Eleanor Lake, fair trading officer, said: “I am disappointed. In this climate it is supposed to be that if people are encouraging finance options you want to make sure that the staff know what they are doing and with the size of some of these companies we would expect them to be getting it right.”

Undercover trading standards officers visited a number of Suffolk towns including Ipswich, Bury St Edmunds, Felixstowe, Sudbury and Stowmarket.

They spoke to sales staff to discuss the credit available and tried to gauge the sales persons understanding of the credit products being offered.

But when officers asked for pre-contract information on credit deals - which would allow them to look at all the terms and conditions before signing up - just one store out of the 39 was able to offer this.

Other stores handed out an old advert instead, two printed off information from their website while one handwrote some details on a till receipt.
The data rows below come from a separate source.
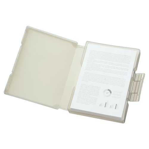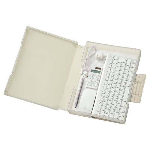180°フルオープンでA4書類や小物をまとめて収納できる。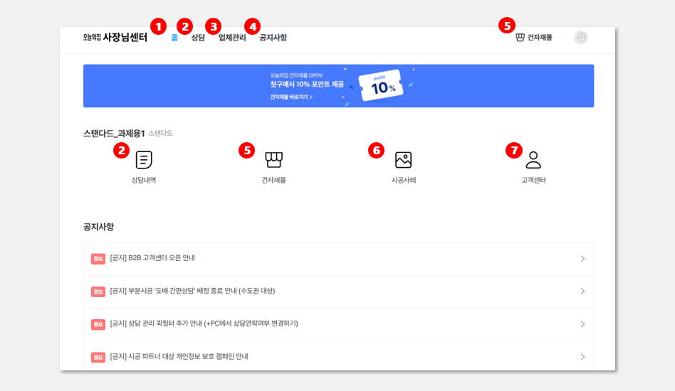 ⑤ 건자재몰 : 건자재몰 페이지로 이동가능한 기능입니다.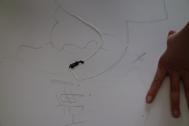 スチレンボードに下絵を描き、色を乗せたいところに木工ボンドをつけ、チップを乗せます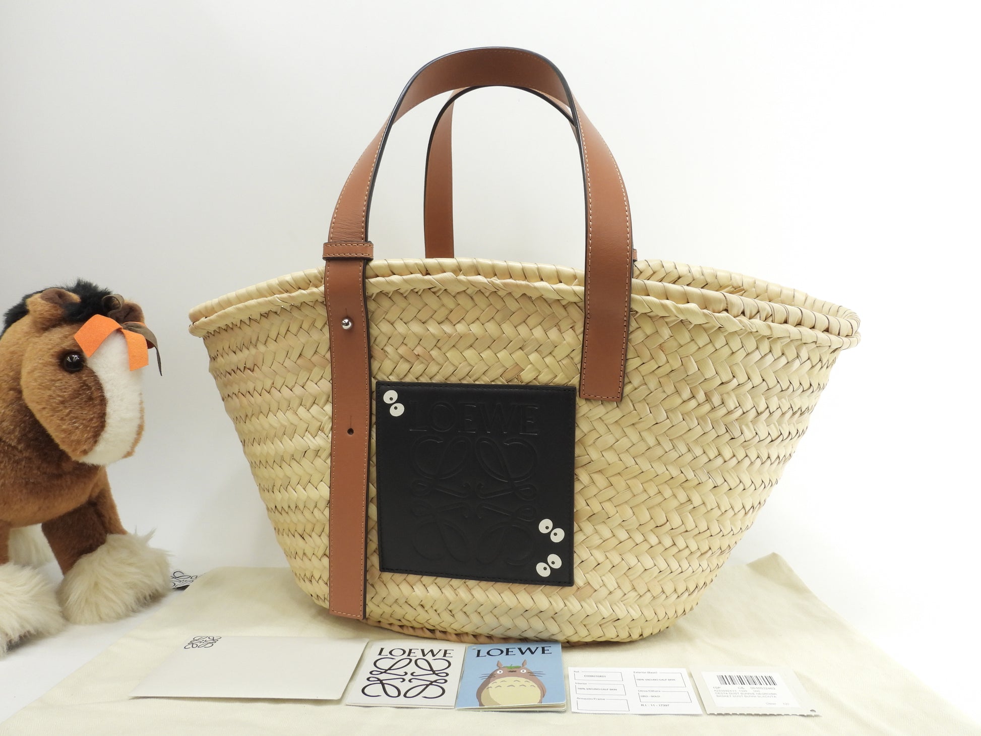 ロエベ バスケット中 ジブリ/まっくろくろすけ ナチュラル黒 ハンド カゴバッグ 未使用@412048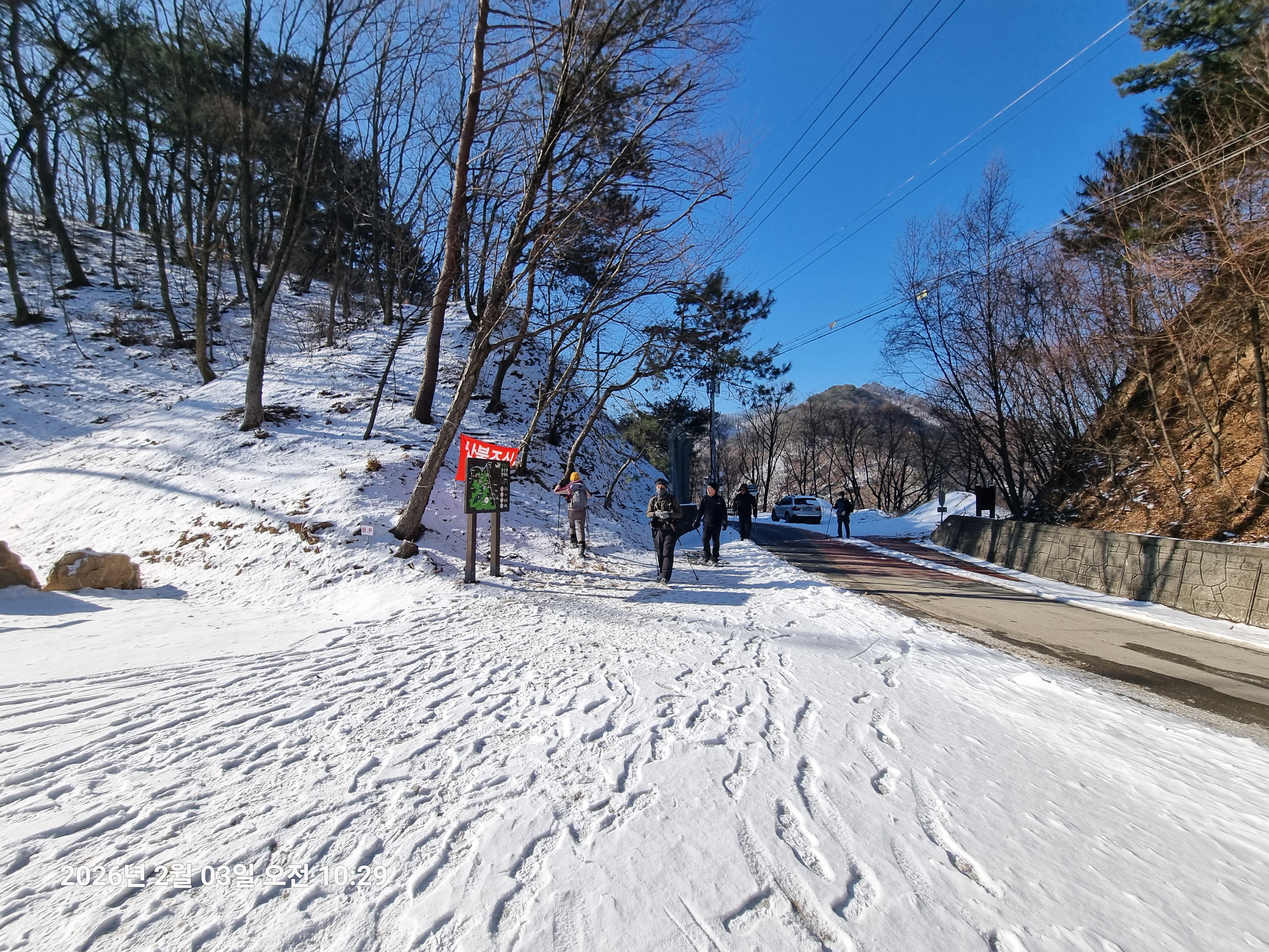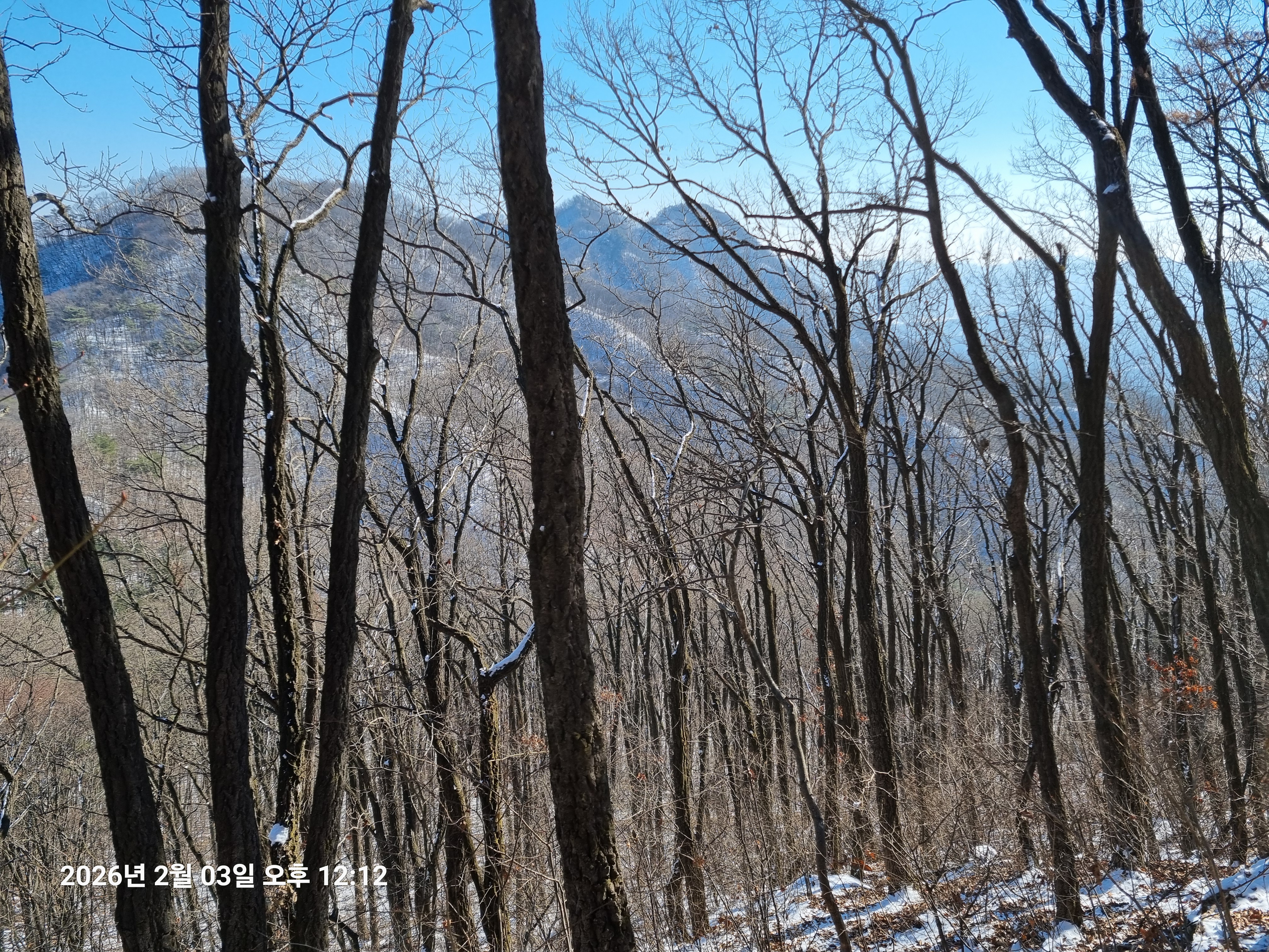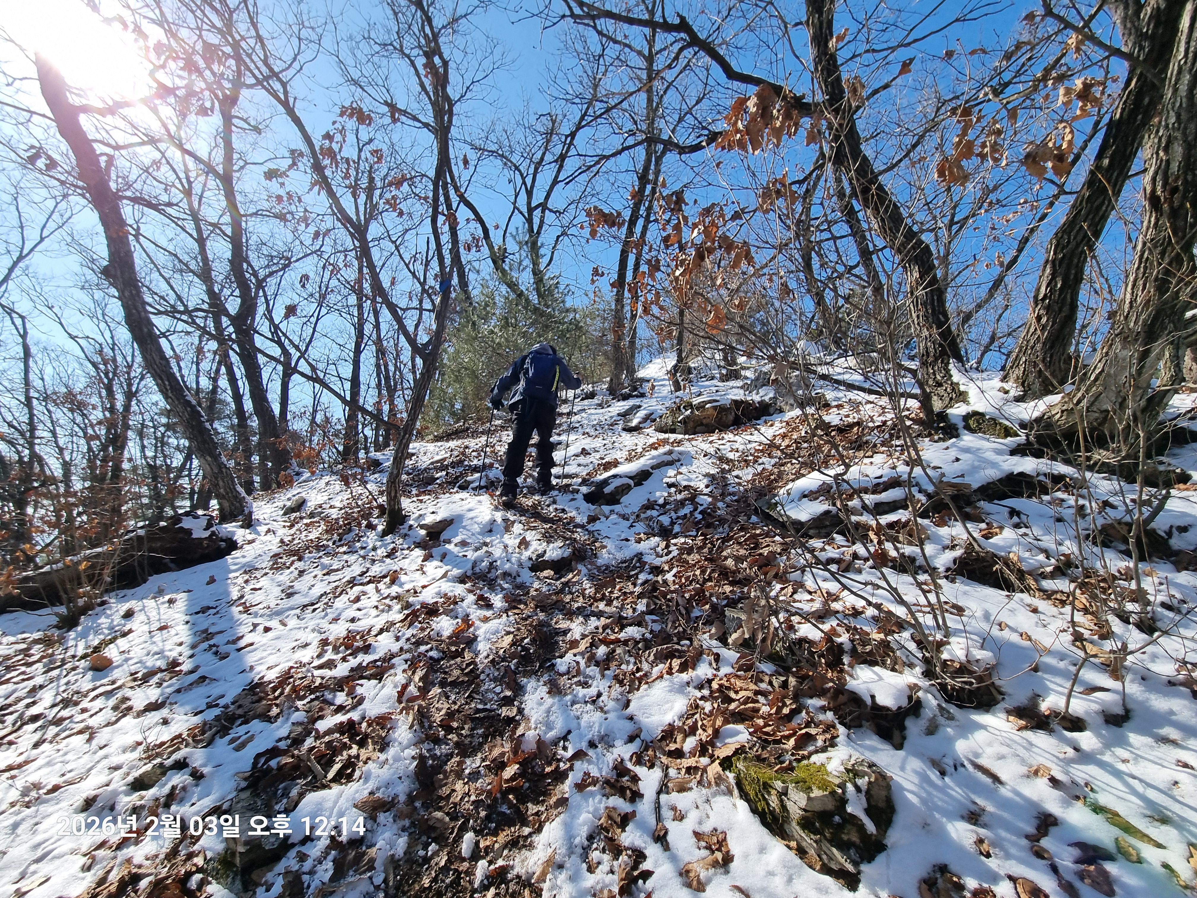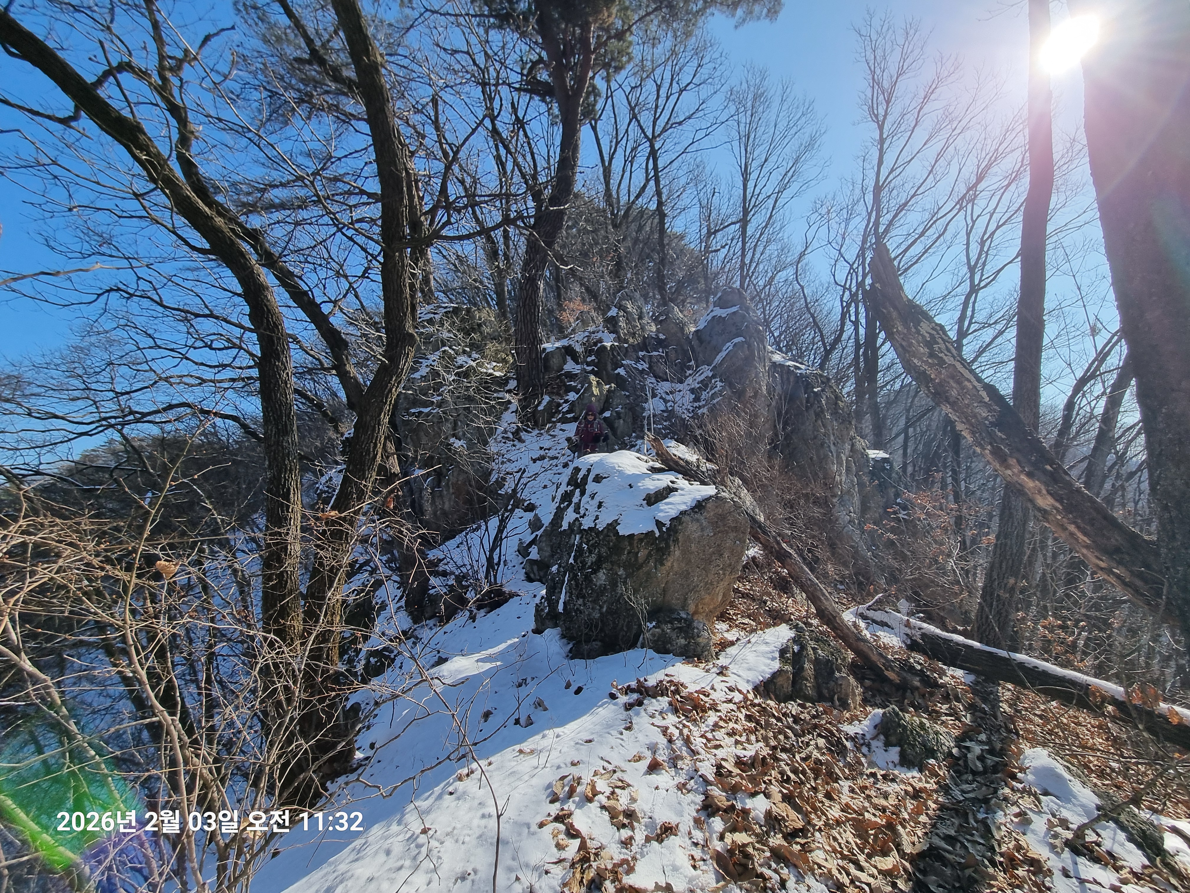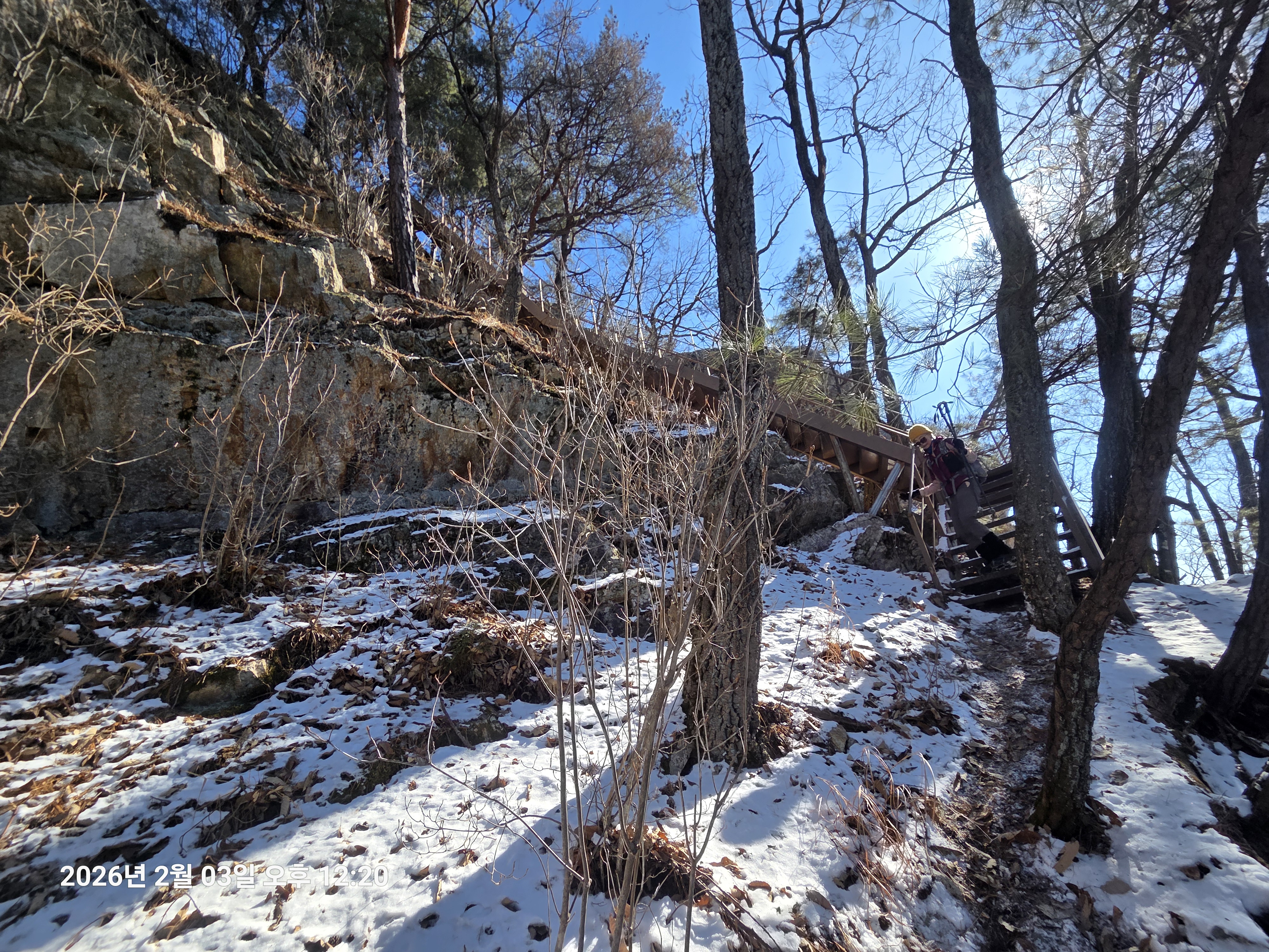 2026년 2월 3일. 화요일. 아침에는 영하 10도로 내려가 추우나 한낮에는 영상기온으로 올라가서 따뜻하다. 눈이 내려 미끄러웠고 전반적인 등산로가 거칠었다.

Ms Lake said: “The concern here is that people are not able to look at the terms and conditions. It should be given to people before they sign the contract. People might want to look at the agreement before they commit to anything so they can have a think about it. It gives people the opportunity to realise that if, say, you have signed up to a 'buy now, pay later' agreement, if you do not pay within a year then you will pay two or three times more.”

The investigation also found that in nine of the visits, the salesperson did not understand the product or gave the wrong interest rate of the credit agreement.

Because of the findings, Suffolk Trading Standards has now contacted the Office of Fair Trading to find out how these issues can be resolved.

And Ms Lake said customers should ensure they are fully aware of any credit details they are getting themselves into.

“It is always important that the stores make it clear to people what they are getting themselves into and you need to have your wits about you as a consumer.